La manipulation et l’interactivité :

Dire que l’interactivité entraîne de la manipulation revient à enfoncer des portes ouvertes, effectivement l’interactivité transforme le spectateur en acteur. Par cet action l’expérience sensible du spectateur est rendue personnelle et subjective car l’acteur met de sa vie propre dans l’expérience. Il n’y a donc pas de mise à distance émotionnelle, réflexive ou physique mais une induction aliénante, un attachement par l’expérience du spectateur/acteur à l’œuvre.

L’art des années 80/90 voit émerger des courants comme l’art participatif et l’art interactif, ces deux formes d’art sont des arts trompeurs car utilisant des médiums ordinaires (vidéo, installations, sculpture…), ils font croire au spectateur/acteur que le fait de jouer/participer/interagir avec l’œuvre crée l’œuvre alors qu’il n’en est rien. L’œuvre est « animée » par le spectateur tout au plus.
Cet art transforme aussi le « cercle de contemplation d’une œuvre » en un « cercle de jeu », alors que le plus souvent les œuvres interactives/ participatives sont placées/exposées/expérimentées dans des lieux non faits pour jouer mais pour contempler. Voyez-là le paradoxe : vous devez jouer, mais rien dans l’environnement n’est fait pour vous en donner envie (les fêtes foraines d’art contemporain, aussi appelées biennales, sont à la fois un bon exemple et un exemple contraire de ça).
La manipulation est double d’abord car elle nous fait croire que nous sommes auteurs de notre expérience et ensuite car elle nous empêche, par inclusion, toute réflexion sur la-dite expérience.

Le jeu vidéo se pose, lui, comme étant le médium par excellence de l’interactivité. Effectivement, loin devant la sculpture et son rapport au corps et l’installation (rapport à l’espace), le jeu vidéo s’affirme dans l’expérience du joueur. En effet le joueur d’un jeu vidéo est nécessairement acteur, c’est entre lui et le jeu que l’interaction à lieu, et c’est à lui que le jeu répond. Le spectateur d’un jeu, voit le joueur jouer et est donc uniquement un spectateur, son statut de spectateur le plaçant immédiatement hors-jeu du point de vue de l’interaction entre joueur/acteur et jeu. Si le spectateur a une interaction ayant rapport au jeu c’est avec le joueur et uniquement le joueur (quand il l’aide par exemple). Le joueur est donc le seul a avoir l’expérience de l’interaction dans le jeu vidéo.
A contrario certaines œuvres participatives/interactives ont pour but que le spectateur n’interagisse pas et ne devienne jamais acteur, explorant le domaine du spectacle de la non-interaction des spectateurs (bien sur dans un cas comme ça la manipulation revient au galop).

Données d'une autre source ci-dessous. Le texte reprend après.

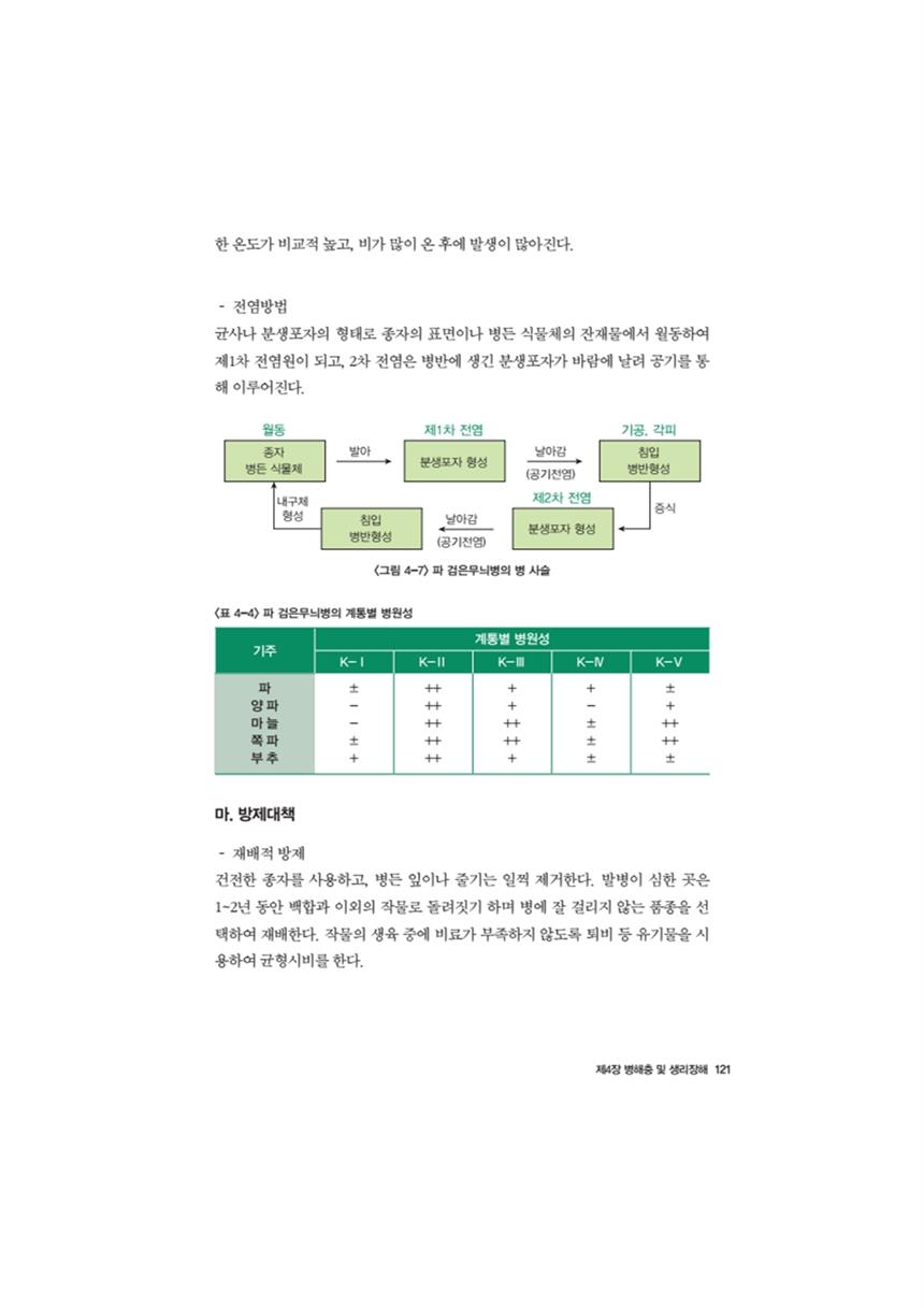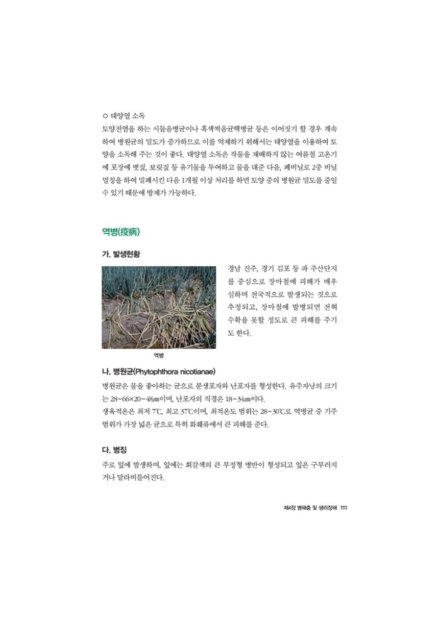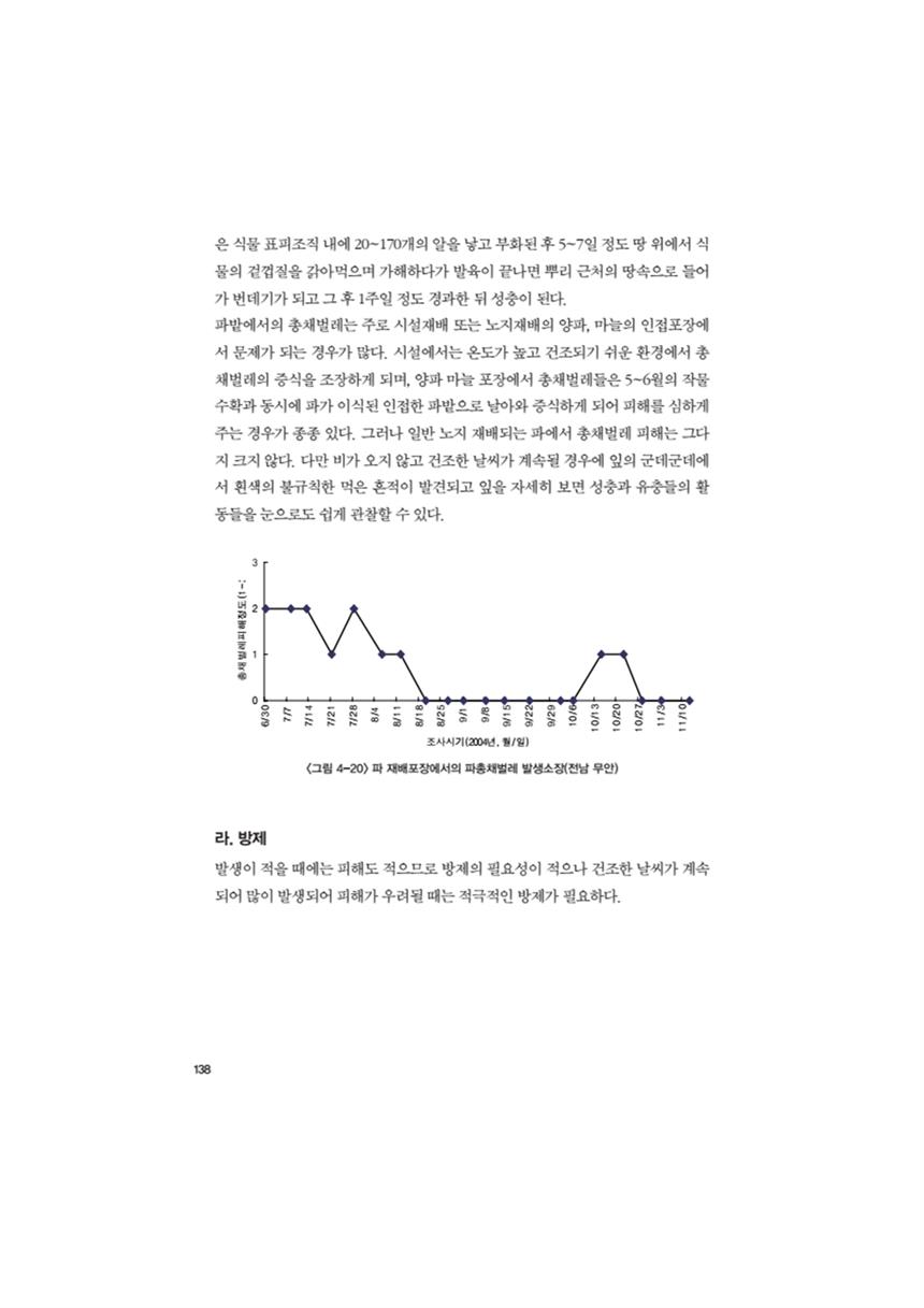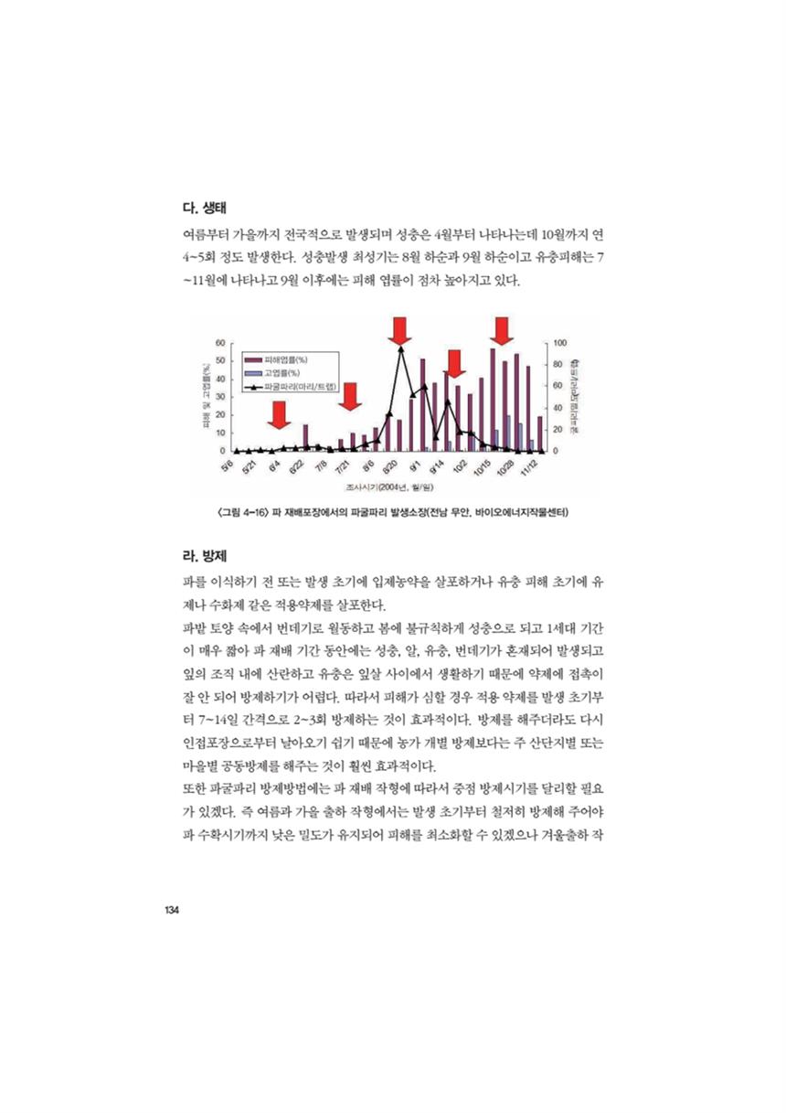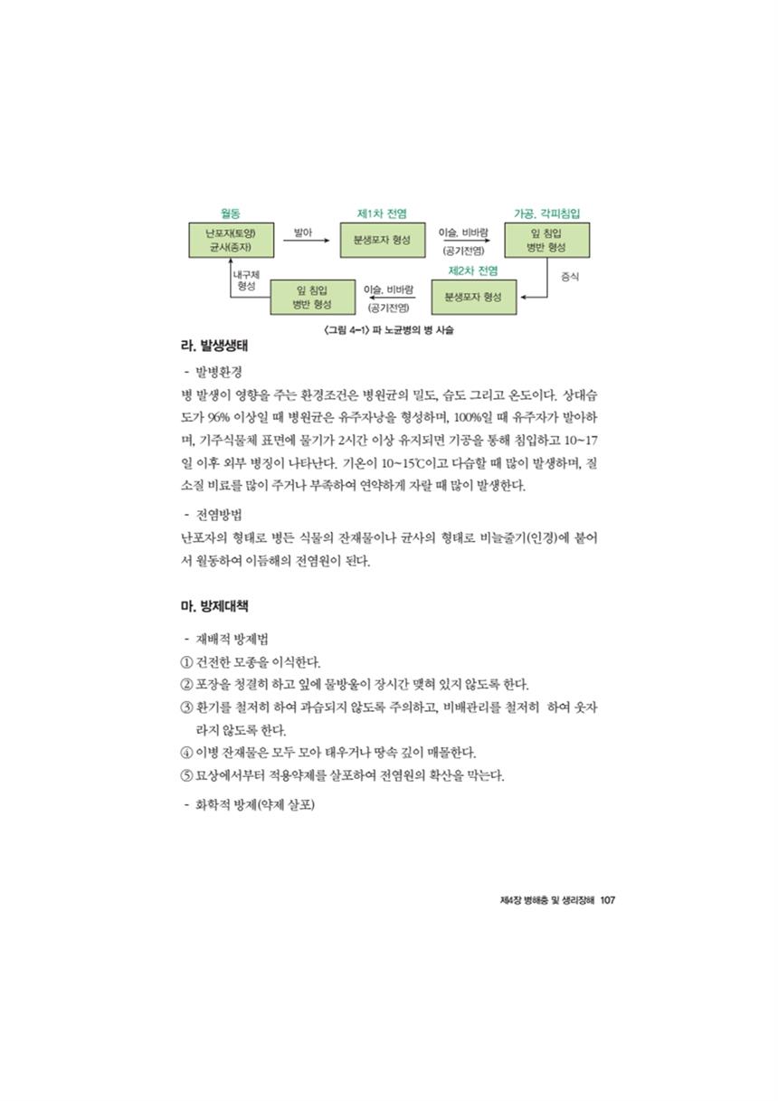 영농길잡이에서 대파 병해발생과 방제부분을 올립.
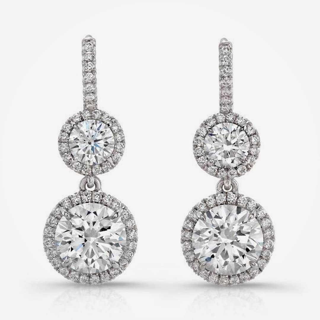 18 Karat white gold drop earrings set with 2 tiers of round brilliant cut diamonds. The top tier is comprised of two .20 and .22 carat diamonds with a color of H and a clarity of VS2. The bottom tier is comprised of a 1.06 carat diamond with a color of I and a clarity of SI1 and a 1.01 carat diamond wit a color of H and a clarity of SI1. All of the diamonds are surrounded in a halo comprised of 94 round brilliant cut diamonds with a total weight of .40 carats.
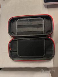 Inoltre si includono tutti gli accessori che si vedono in foto tra cui custodia rigida, stazione di ricarica per controller, secondo controller, joy con grip arancione, joy con strap e altri due adattatori.
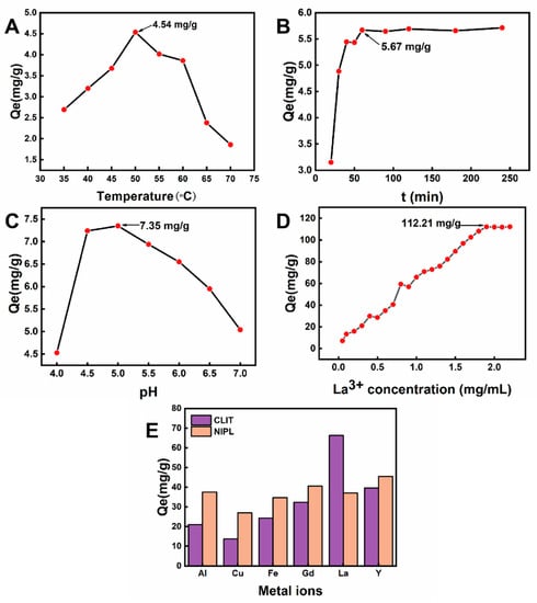 The effects of temperature (A), adsorption time (B), the pH value of the adsorption solution (C), the initial La3+ concentration (D) on the adsorption capacity of CLIT; (E) The adsorption capacity of CLIT and NIPL to metal ions coexisting in the same solution (containing Al3+, Cu2+, Fe3+, Gd3+, La3+ and Y3+).
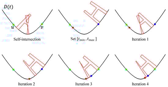Self-intersection avoidance by interval refinement via binary search. Green points indicate the self-intersection interval where self-intersection occurs. Red and blue points denote the bracketing parameters . When self-intersection occurs at the midpoint, is updated; otherwise, is updated while conforming to the geometric features.

Là où l’art participatif et interactif brouille les pistes, le jeu vidéo nous place dans un cadre ludique qui tout de suite permet d’être « à loisir » dedans et dehors.
Il nous permet de « jouer le jeu » ou non, et par ce fait il permet d’être analysé et surtout il permet d’être plus qu’une simple expérience sensitive manipulatrice.

C’est la raison pour laquelle le jeu vidéo doit être critiqué comme un jeu pour pouvoir prétendre à être art, et non être critiqué comme une œuvre d’art qui accessoirement propose un simili-gameplay. Si c’est le cas, le jeu en question se retrouve immédiatement transporté dans la « catégorie » art interactif et il écope alors des écueils expliqués et dénoncés ci-dessus.

Cet article est un genre de réponse à cet article de chez Merlantfrit qui reproche à Journey son artificialité manipulatoire, ce qui vis-à-vis d’un jeux vidéo m’évoque un pléonasme plus qu’autre chose.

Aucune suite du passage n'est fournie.